## Chaining LLM with PCA to visualize the Shakespeare text's characters and traits through correspondence analysis.

### taught process:

## steps:
1- **choose a dataset:** Shakespeare: I take a look at data and investigate the text 

2- **preprocess and clean:** remove extra characters like escape chars 
    - there are *** that separate header and footers, so I use this indicator to throw away unncessary text
    -  removed extra spaces
    
3- **LLM request:** NER: assign score to each trait of that character
    
    
4- **LLM request:** NER: assign score to each trait of that character
    - I run the for loop to have an API call and get response and investigate it.
    - After each investigation I add some more instructions to teh prompt and modify it. to get better result.
    - I printed response methods step by step until I end up with response.json['choices'][0]['message']['content']
    - converted str to dict
    
    
5- **PCA:** create a plot of principle component analysis using the 2 top components (on a 2-d plane)
    - I played around with the traits and add and remove to see how it works.


I want to use LLM to get the corpus and extract relevant sections to a character. For example outputs the text related to Hamlet. I will tell in the prompt that I'll use this input later.
Next I'll use the output of this LLM as an input to the next LLM. So in LLM 2, I want the agent to get the relevant info of a character and considering a list of traits it outputs a score for each of the traits. for examle like this:

["indecisiveness":10, "ambitious":7, "innocence":1]
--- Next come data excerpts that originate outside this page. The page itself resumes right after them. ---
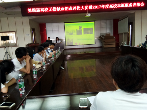 三是参加九江市中心血站举办的第四届高校无偿献血创意评比大赛。5月20日上午,基础医学院青年志愿者服务队代表参加九江市中心血站举办的第四届高校无偿献血创意评比大赛。参加此次大赛的为九江及共青城九大高校代表,中心血站的三民代表主任应邀担任评委。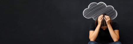 Young woman suffering from mental health problems holding her head with a drawn cloud above symbolizing negative thinking and expressing the concept of confusion, depression, and emotional stress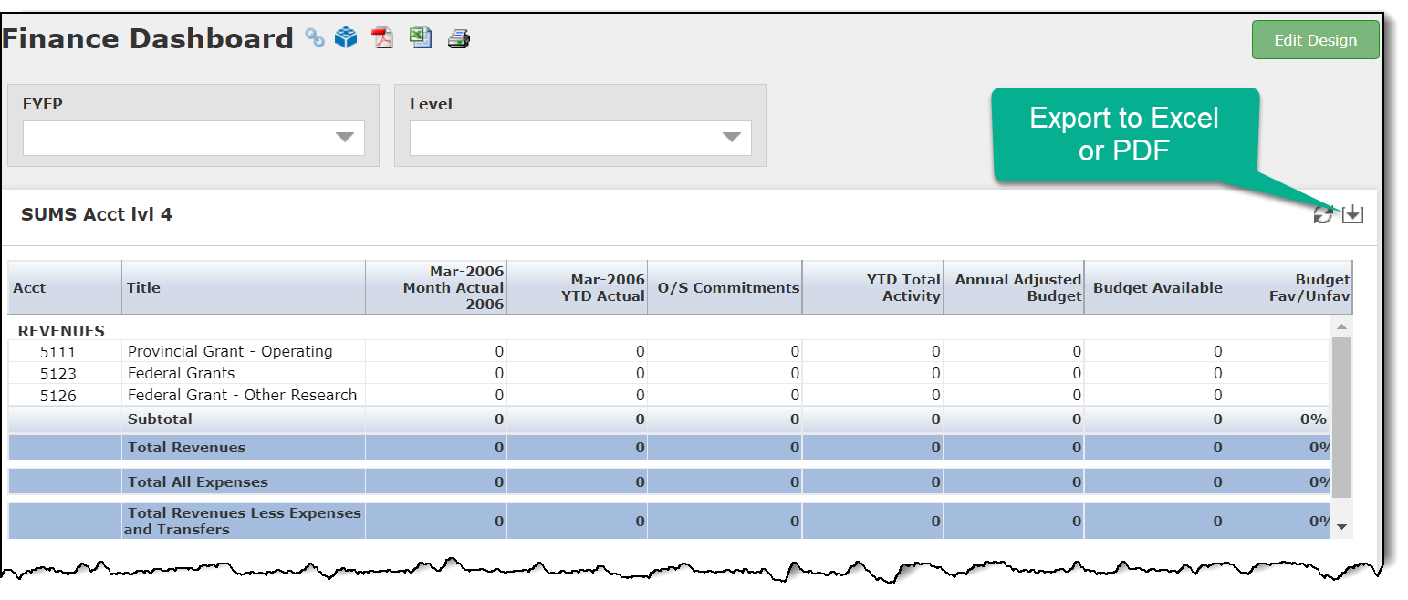 Dashboards and executed reports can be exported into an Excel file and opened or saved to your computer.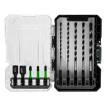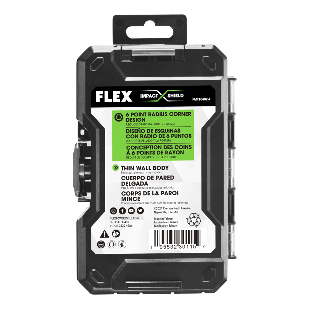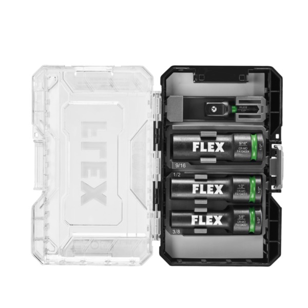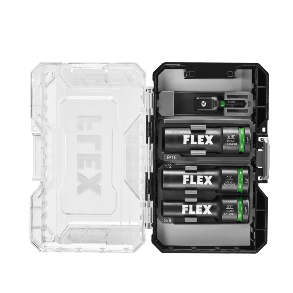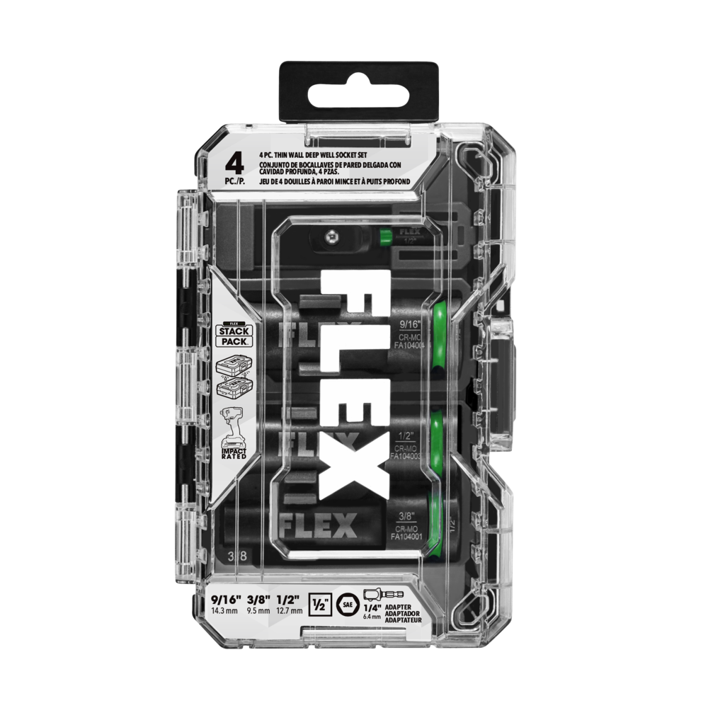 The FLEX 4-Piece Thin Wall Deep Well Socket Set equips you with maximum strength and durability for high-torque impact driving. The six-point radius corner design reduces stripping and breakage while the deep well 3-inch thin wall body helps you dominate tight spaces. Make changes on the fly with the intuitive green powder coated groove ring indicating the drive head from anvil interface. Dual ball holes allow you to attach the socket with more variance. The four-piece socket set comes packed in a FLEX STACK PACK™ Bit Case for customizable organization and compatibility with select storage cases in the STACK PACK™ lineup. The socket set includes 9/16-inch, 3/8-inch, 1/2-inch sockets with a ½-inch to ¼-inch adapter.

Then I feed these characters together with their corresponding trait score into a PCA to map them all into a Cartesian plane and compare and analyze

Why I choose 4 characters: I searched to find the top famous characters in the Shakespeare text. For simplicity I keep it as 4 characters.

In [None]:
%pip install sacremoses==0.0.53

In [None]:
%pip install chromadb==0.4.21 tiktoken==0.5.2 sqlalchemy==2.0.15 faiss-cpu==1.7.4 langchain==0.0.352 mlflow==2.9.2 databricks-genai-inference

In [None]:
%pip install -U langchain-community 

In [None]:
dbutils.library.restartPython()

In [None]:
%sh
export DATABRICKS_TOKEN=<My_token>

In [None]:
#test llm
from langchain.chat_models import ChatDatabricks
from langchain.embeddings import DatabricksEmbeddings

embeddings = DatabricksEmbeddings(endpoint="databricks-bge-large-en") # Use to generate embeddings
llm = ChatDatabricks(endpoint="databricks-meta-llama-3-70b-instruct", temperature=0.1) # use to query models like Llama2-70b

query = "Why is the difference between Cat and Dog?"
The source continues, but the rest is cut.